Into the Light

When what is in darkness is brought to light we either can redeem it OR we might find out others have the same thoughts and/or feelings we had previously tried to hide. 

Have you ever gone to your car after a sermon and wept? to your office and offered a tear? to your closet and cried? I have. I wish I could say it was years ago when I was not as mature or was still a novice, but, I must confess, the most recent time was today. It seems every time I think I have this thing called preaching figured out I get a curveball, or I drop the ball, or I just get sacked! Paul’s pen in 1 Corinthians 10 rings sound: “Therefore let anyone who thinks that he stands take heed lest he fall” (vs. 12). 

I woke up early, I always do on Sundays. Checked out my slide deck, went over my notes one more time, made another edit or two, I always do. On the drive to the building, I instinctively sang Jesus Loves Me and then breathed my prayed for the day for those I love and will preach to that day, it’s almost second nature. I met with my shepherds and a new family, we welcomed them, prayed with them, hoped to connect with them. One of the elders asked how I was doing and without even thinking I responded: “ask me in two hours and I’ll tell you.” 

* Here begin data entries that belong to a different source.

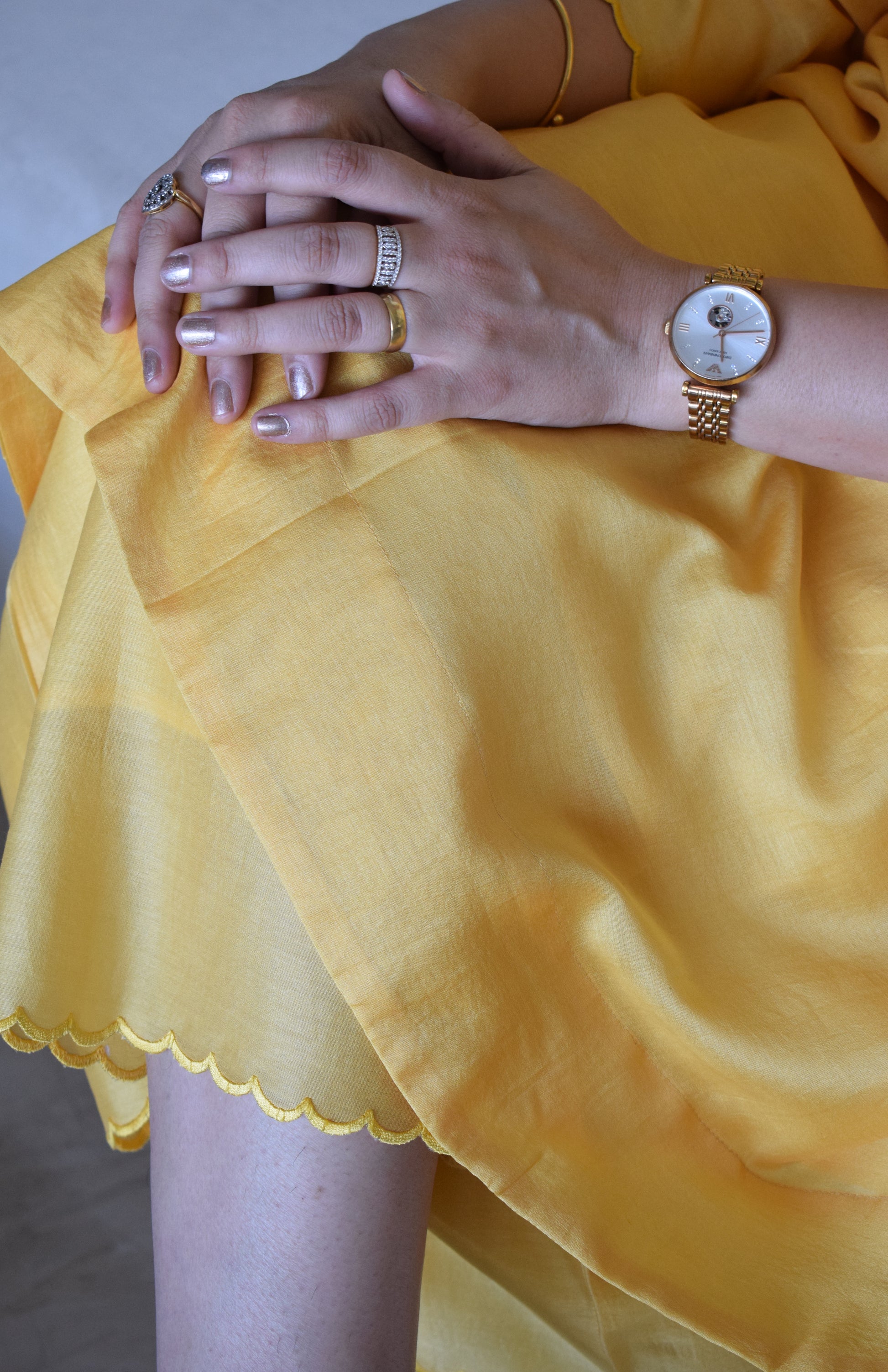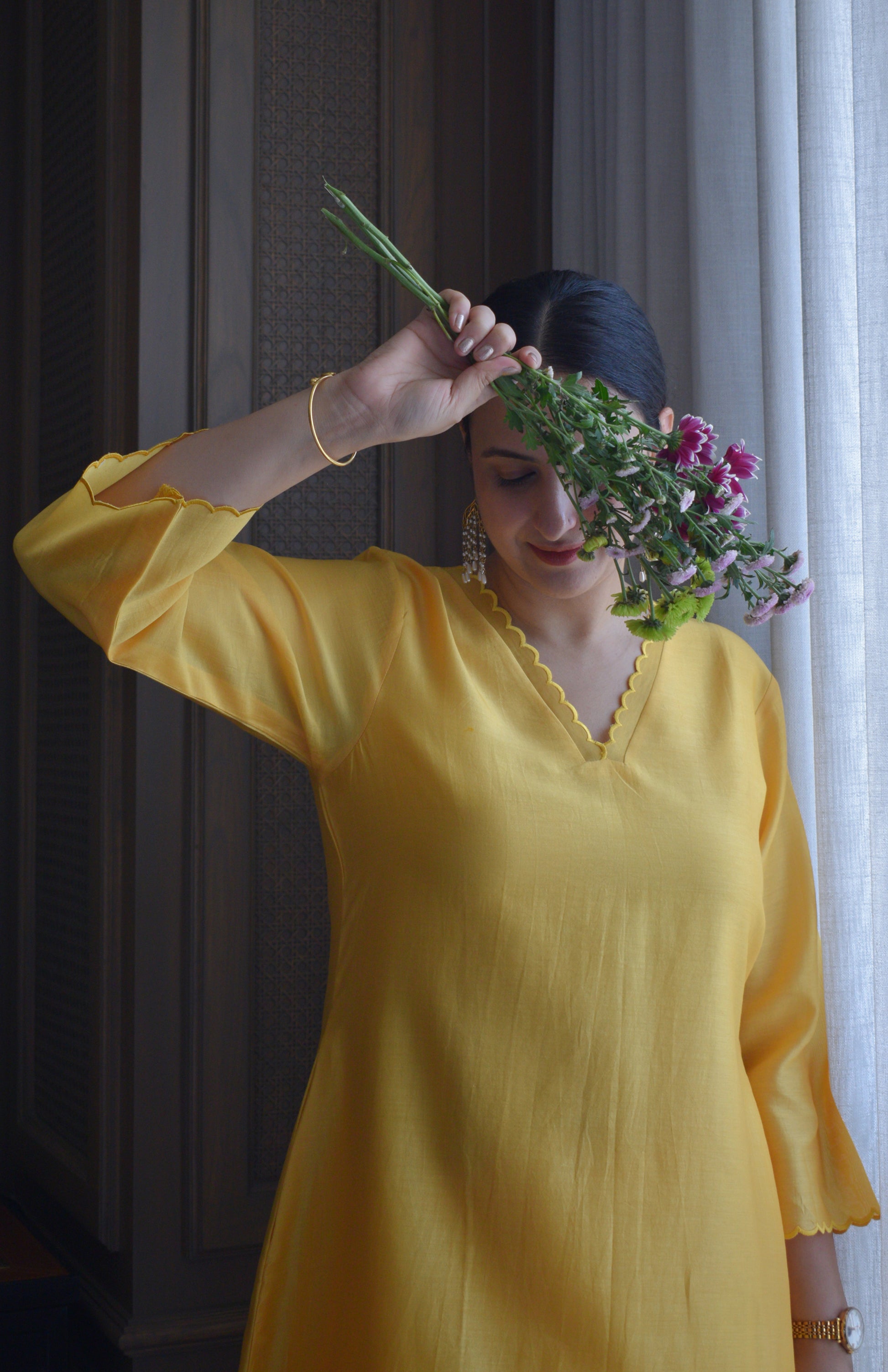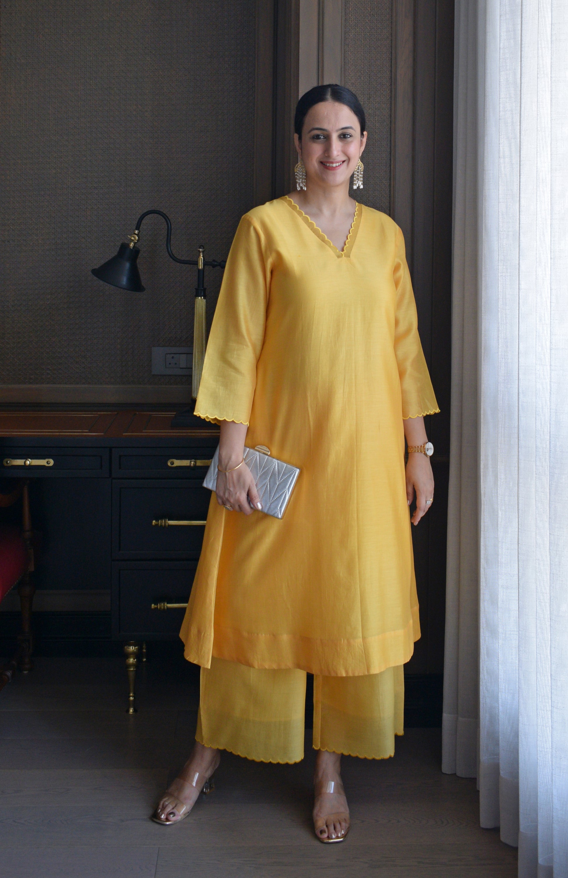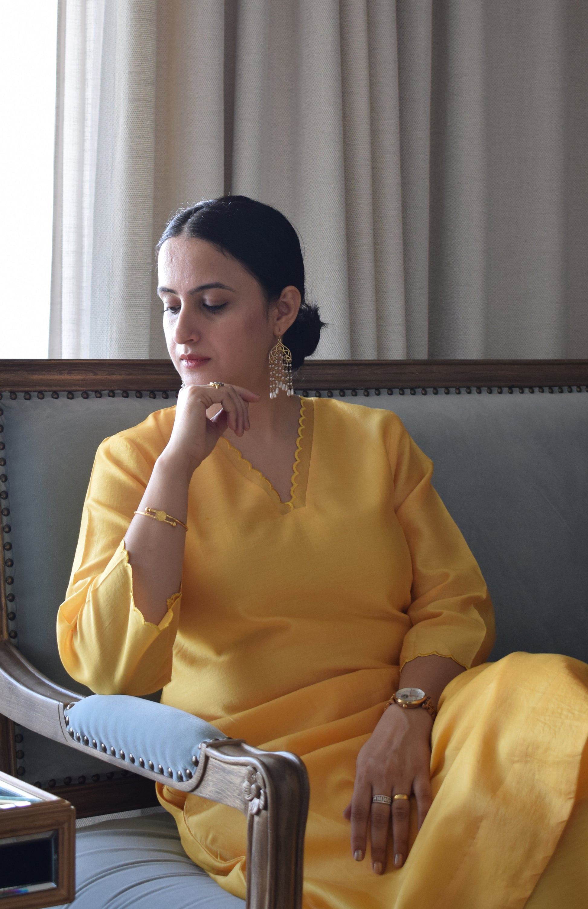 This graceful A-line Kurta Set is crafted from luxurious Chanderi Silk fabric and adorned with intricate embroidery. It features delicate scalloped edge detailing on the neckline, sleeves, and pajama hemline, adding a touch of sophistication. Both the kurta and pajama are fully lined with soft mul cotton for added comfort.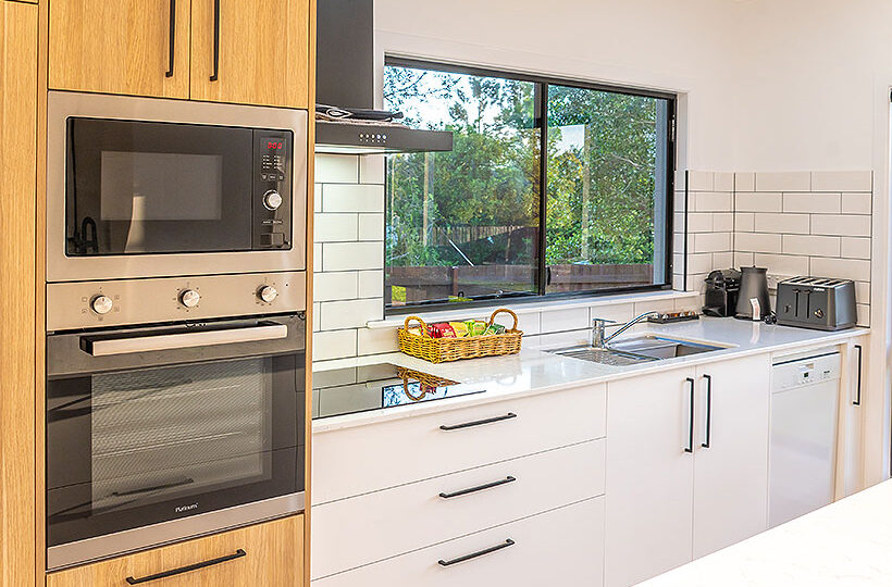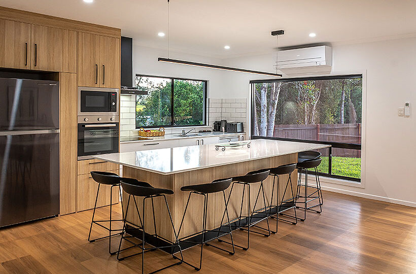 You’ll love the free Netflix and Foxtel on 4K Smart TVs in every bedroom plus a huge 65” 4K Smart TV in the lounge room beside the cosy, electric log fire. Did you say coffee? A Nespresso coffee pod machine awaits your touch with a generous selection of gourmet Nespresso coffee pods to get you started. The designer kitchen is just exquisite – and fully equipped with the finest European appliances, marbled stone benchtops and a spectacular 5m long marbled stone island bench with views out over the ancient volcano cones that keep guard over Yungaburra.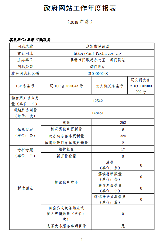 2018年十大正规博彩平台民政局网站工作年度报表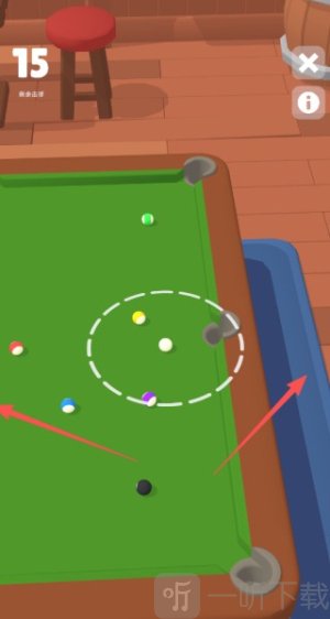 通過點擊并長按屏幕來掌控擊球的力度與方向,把球精準地打進袋里。
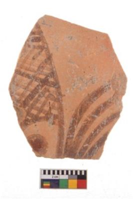 | Description / विवरण | Specimen of potsherd with decorative geometric painting. Type Black on Red Ware . |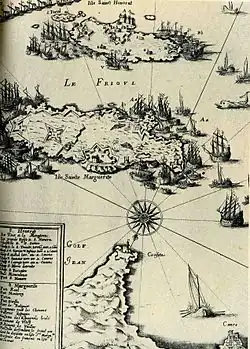 Map of 1639 representing the recapture of the Lérins Islands in 1637 by the French from the Spanish.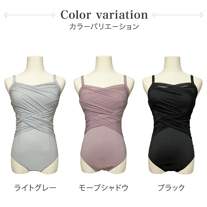 クロスメッシュが上品な、キャミソールタイプのレオタードです。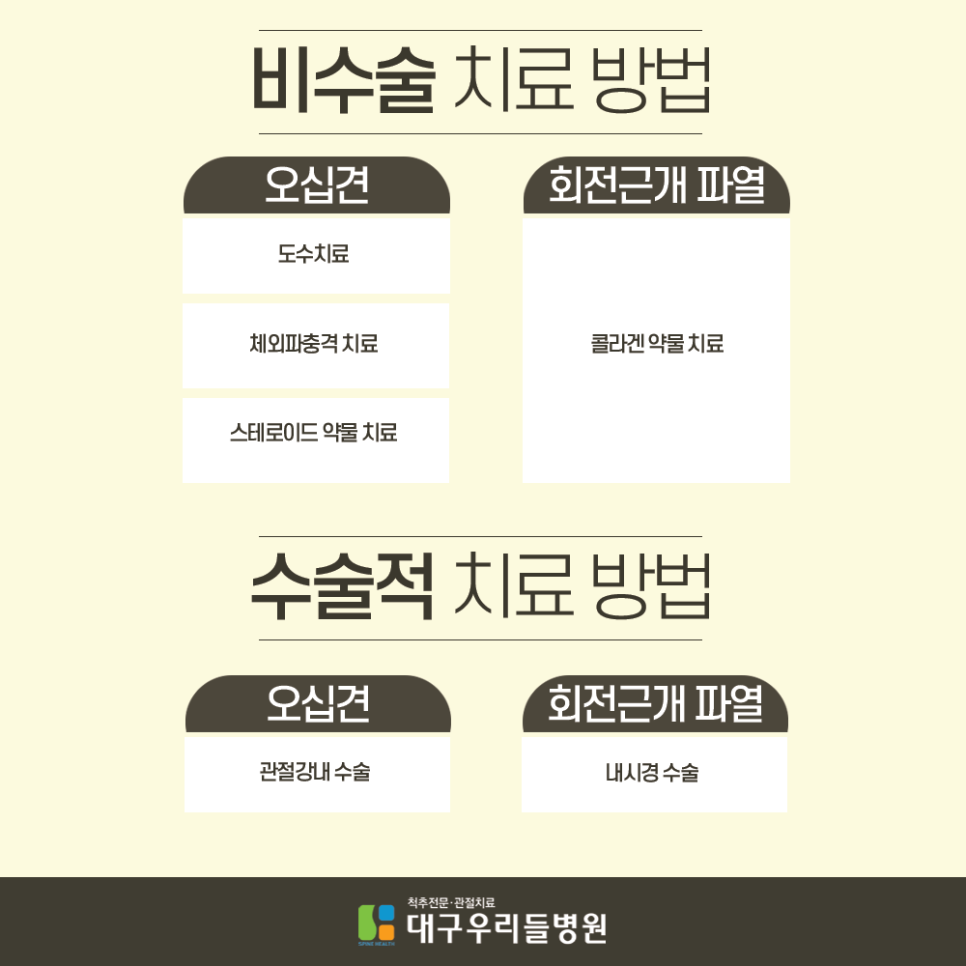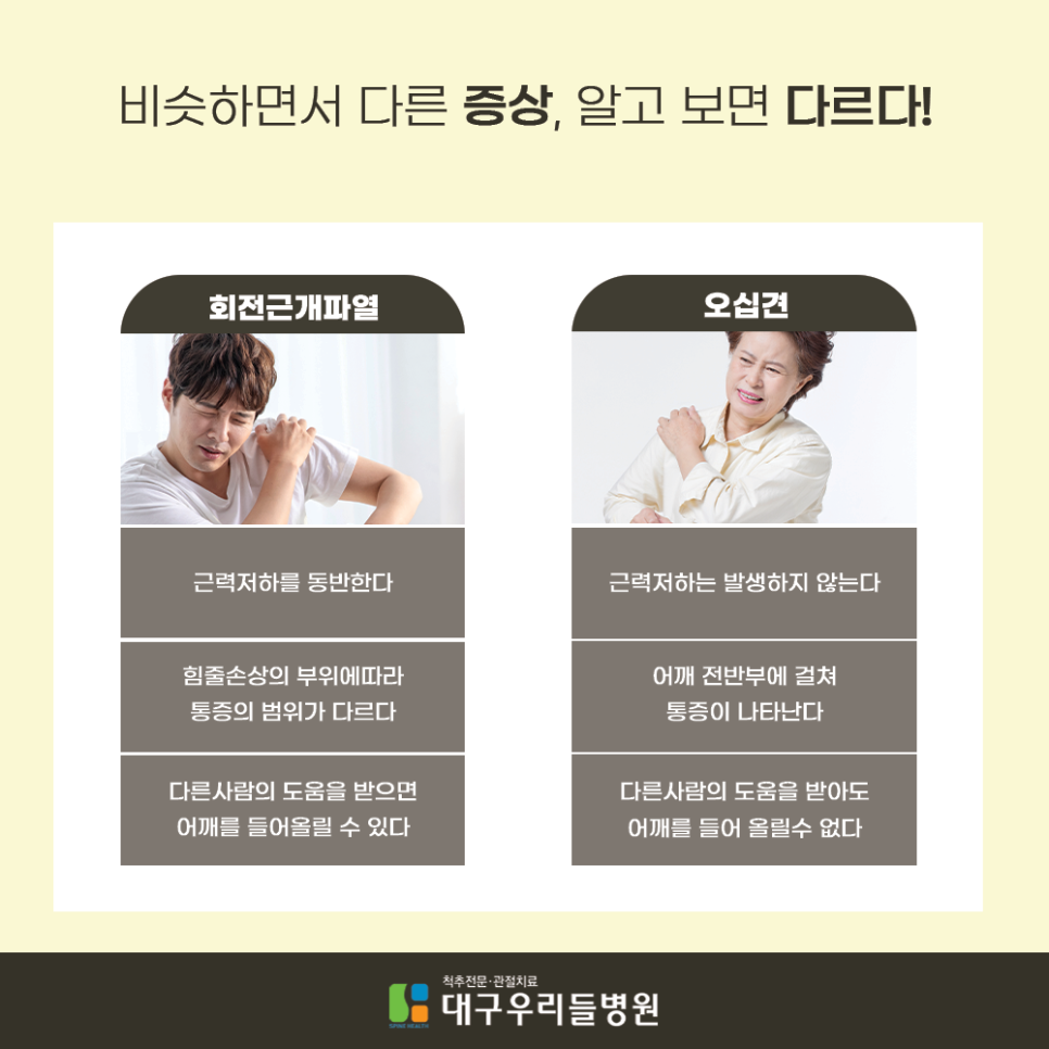 안녕하세요 대구 우리들 병원입니다나타나는 증상부터 치료 방법까지 비슷하지만 전혀 다른 두 질환, 회전근개파열과 오십견 비교 시간을 갖도록 하겠습니다!

Moments before the song before the lesson I told our song leader “I’m really excited about this sermon.” I can’t always say that, but on my best Sunday’s I hit a tipping point when I actually feel like “all systems go.” Today was that day. A full house, our second-largest crowd this year. Lots of guests. Fabulous singing. And somewhere between the floor and John 4, it fell apart. 

I preached too long, I didn’t think I connected, I couldn’t help the audience “get” what “I got” from the amazing text. I’d be shocked if 15% of the crowd even noticed, but I did. I felt I’d failed the saved who needed a Word, the lost who needed a Lifeline, even the Lord who gave me this time. I felt like I had failed and I couldn’t get out of the building and to my car fast enough. Because I knew what was coming. 

And I cried, and I prayed, and I asked God for help, and I committed to be and do better. I need to be reminded I’m still a learner, I’m an amateur, I still have a long way to do. I am still under and not over. I serve and am not served. I am a child, He is the Father. And I trust Him, not me. Thank You God for not quitting on me, I pledge not to quit on You.  

You ever cried after a sermon? I have.